Carry is the income earned (or paid) for holding a position over time, independent of price change — the coupon, yield, or interest-rate differential captured while waiting. Positive carry pays you to hold; negative carry costs you. It is the return that accrues if nothing moves.
How it works
Carry decomposes a position's expected return into the part earned from passage of time (yield, coupon, rolldown, or funding-rate differential) versus the part earned from price movement. In fixed income, carry ≈ yield of the asset minus financing cost; in FX, it is the interest-rate differential between the long and funding currencies. A position with rich carry can be held profitably even in a flat market, but carry compensates for risk — when spreads are tight, the carry may no longer pay you for the duration, default, or volatility risk borne.
Why it matters now
With nominal credit spreads near cycle tights in 2025, our briefings flagged that short-end credit carry "no longer compensates" for duration and default risk — the classic late-cycle signal to move up in quality or shorten duration. In a higher-for-longer rate regime, funding costs erode carry, making the yield-versus-financing calculus sharper than during the ZLB era.
Example
A 2-year corporate bond yielding 5.2% financed in repo at 4.6% generates roughly 60bp of positive carry annually before rolldown — the investor earns that spread if yields and the credit spread stay flat. But if the credit spread is only 70bp over Treasuries while historical 2-year default-adjusted loss expectation plus volatility justifies 120bp, the carry "no longer compensates": the position pays less than the risk warrants, the signal our desk cited for going short duration in nominal credit.
Frequently asked
- What is carry in finance?
- Carry is the income or yield earned for holding a position over time, separate from any gain or loss on price. Positive carry means the position pays you to hold it — like a bond yielding more than its financing cost; negative carry means holding it costs you. It is the return that accrues if prices stay unchanged.

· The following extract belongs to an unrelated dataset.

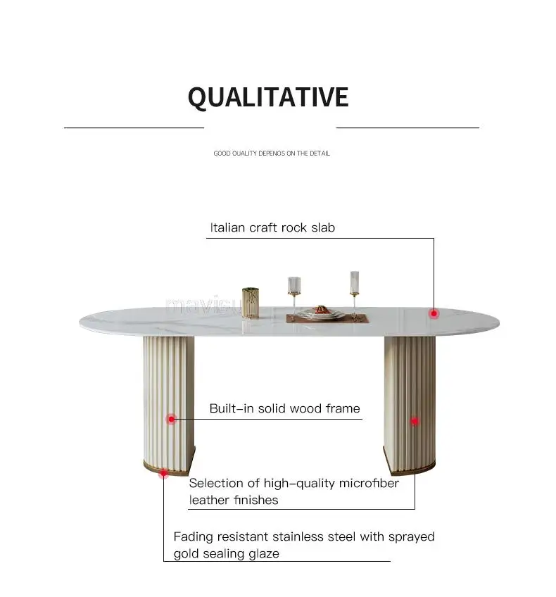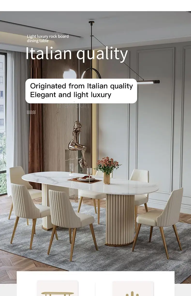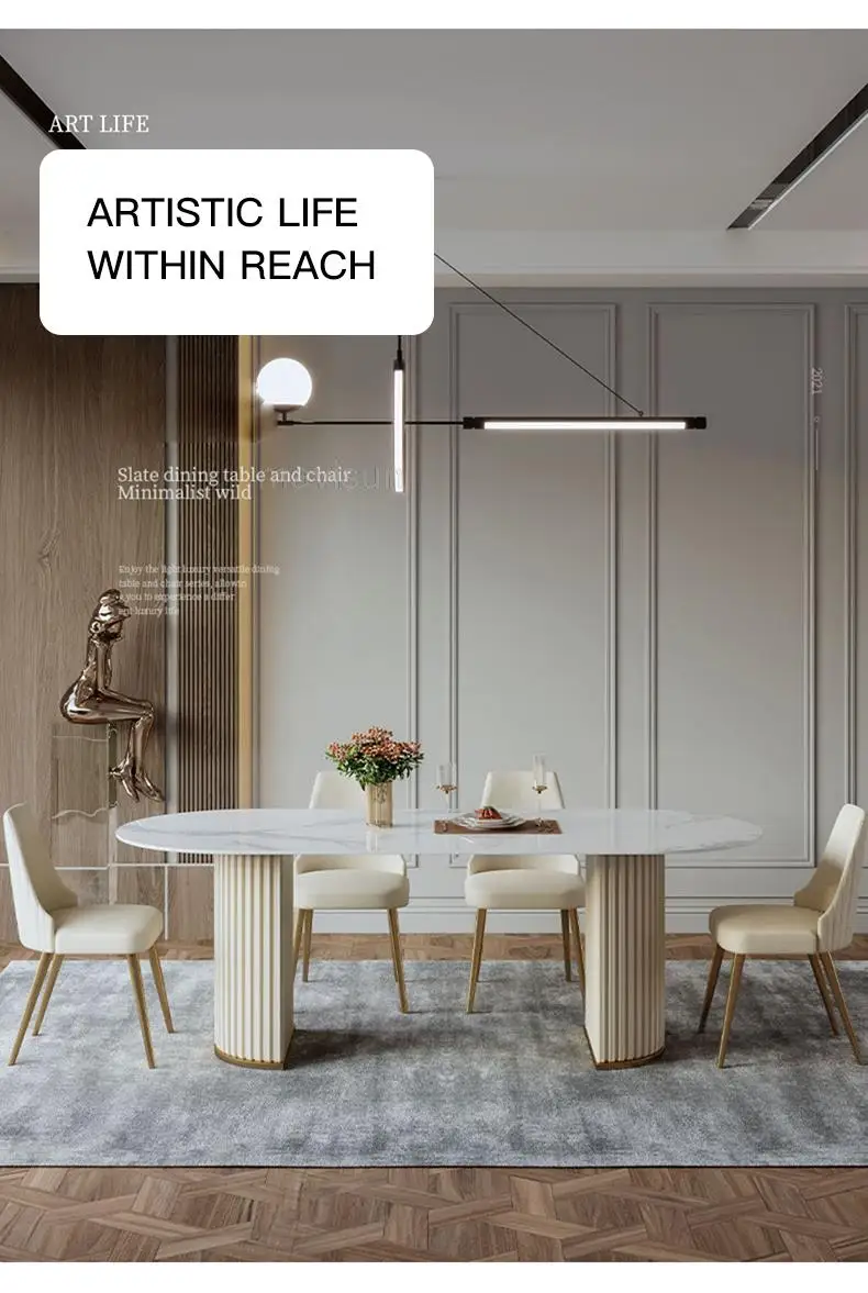 Овальный обеденный стол, лаконичный дизайн, Золотая подставка, роскошная мебель, глянцевая каменная доска, домашний декор, кухонный стол и стулья цвета слоновой кости

- How is carry calculated for a bond?
- Bond carry is approximately the asset's yield minus its financing cost, plus rolldown along the curve. A bond yielding 5.2% financed in repo at 4.6% carries roughly 60bp annually before rolldown. The investor earns that spread for each period the position is held if yields and spreads stay flat.
- What is the difference between carry and a carry trade?
- Carry is the income earned from holding any position; a carry trade is a strategy that deliberately borrows in a low-yielding instrument or currency to fund a higher-yielding one, capturing the differential. The classic FX carry trade funds in yen or Swiss francs to buy high-rate currencies, profiting from the rate spread until exchange rates move against it.
- Why does carry stop compensating investors?
- Carry stops compensating when the yield pickup falls below the risk borne — duration, default, or volatility risk. When credit spreads compress to cycle tights, the carry earned may no longer cover expected default losses or the cost of holding duration. This is a classic late-cycle signal to shorten duration or move up in quality, as our 2025 credit briefings flagged.
- Why does carry matter more in a higher-for-longer regime?
- Carry matters more when rates are high because funding costs erode the income earned from leveraged positions. During the zero-lower-bound era, cheap financing made positive carry easy; with policy rates elevated in 2025, the yield-minus-funding calculus tightens, and positions that carried well at low rates can flip to negative carry.